Various types of support are needed to improve the quality and the production capacity of antisera to meet worldwide needs. Some producers are likely to have ‘global’ market perspectives, i.e. a willingness to produce antivenoms for different regions of the world, based on demand, humanitarian needs and on agreements with national and regional health authorities.
A strategy towards the consolidation of ‘regional’ laboratories should also be considered. These regional manufacturers should have reliable manufacturing processes and ability to ensure regional distribution of antisera of consistent quality and safety, in accordance with GMP standards. They should be encouraged and supported to increase production output and to demonstrate the efﬁ cacy of the antivenoms against the species of snakes and scorpions of greatest medical importance in the regions of distribution.
Similar objectives prevail for the manufacture of safe and effective rabies immunoglobulins. Fostering ‘regional’ producers could be complemented by the strengthening of production laboratories, at national level, willing to improve product quality and to cover the national demand. This scenario, involving local, regional and global producers alike, and supported and coordinated by national and world health authorities, would guarantee an adequate and sufﬁ cient supply of safe and effective antisera.

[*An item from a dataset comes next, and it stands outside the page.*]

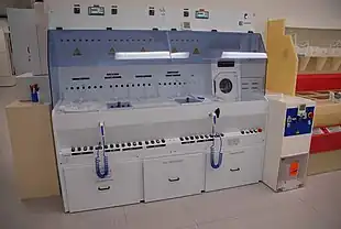 A 5% to 9% hydrofluoric acid gel is also commonly used to etch all ceramic dental restorations to improve bonding.[6] For similar reasons, dilute hydrofluoric acid is a component of household rust stain remover, in car washes in "wheel cleaner" compounds, in ceramic and fabric rust inhibitors, and in water spot removers.[5][7] Because of its ability to dissolve iron oxides as well as silica-based contaminants, hydrofluoric acid is used in pre-commissioning boilers that produce high-pressure steam. Hydrofluoric acid is also useful for dissolving rock samples (usually powdered) prior to analysis. In similar manner, this acid is used in acid macerations to extract organic fossils from silicate rocks. Fossiliferous rock may be immersed directly into the acid, or a cellulose nitrate film may be applied (dissolved in amyl acetate), which adheres to the organic component and allows the rock to be dissolved around it.[8]
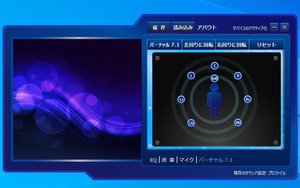 専用ソフトではバーチャル7.1chサラウンドの音場調整や、イコライザー、ステレオ音源の7.1chアップミックス、マイクゲイン調節などを設定できる。

THE CRITICAL CASE OF AFRICA:
need for a multifaceted approach
The crisis in antiserum supply and correct use is most critical and urgent in sub-Saharan Africa. The number of antisera manufacturers supplying this region has decreased dramatically and the total amount of antiserum being offered is insufﬁ cient to cover even the most basic needs in this region. Moreover, the price of a vial of antivenom ranges between $50 and $150, which often represents a high portion of the yearly income of a rural worker.
Since an average adequate treatment usually involves the administration of at least 3 vials of antivenom, plus the use of ancillary therapeutic interventions, the cost of treating a single envenomed patient in Africa may reach around $200. In addition, some products imported to Africa are inappropriate and ineffective for the treatment of envenomings by African snakes. This situation, together with the poor development of health facilities and training of doctors, nurses and dispensers responsible for treating snakebites, have deterred many people suffering a snake bite from seeking medical treatment and driven them instead, to seek the help of traditional healers. A similar situation occurs regarding the procurement of rabies post-exposure prophylaxis. This combination of factors has created a self-perpetuating vicious cycle which needs to be urgently interrupted and corrected (47).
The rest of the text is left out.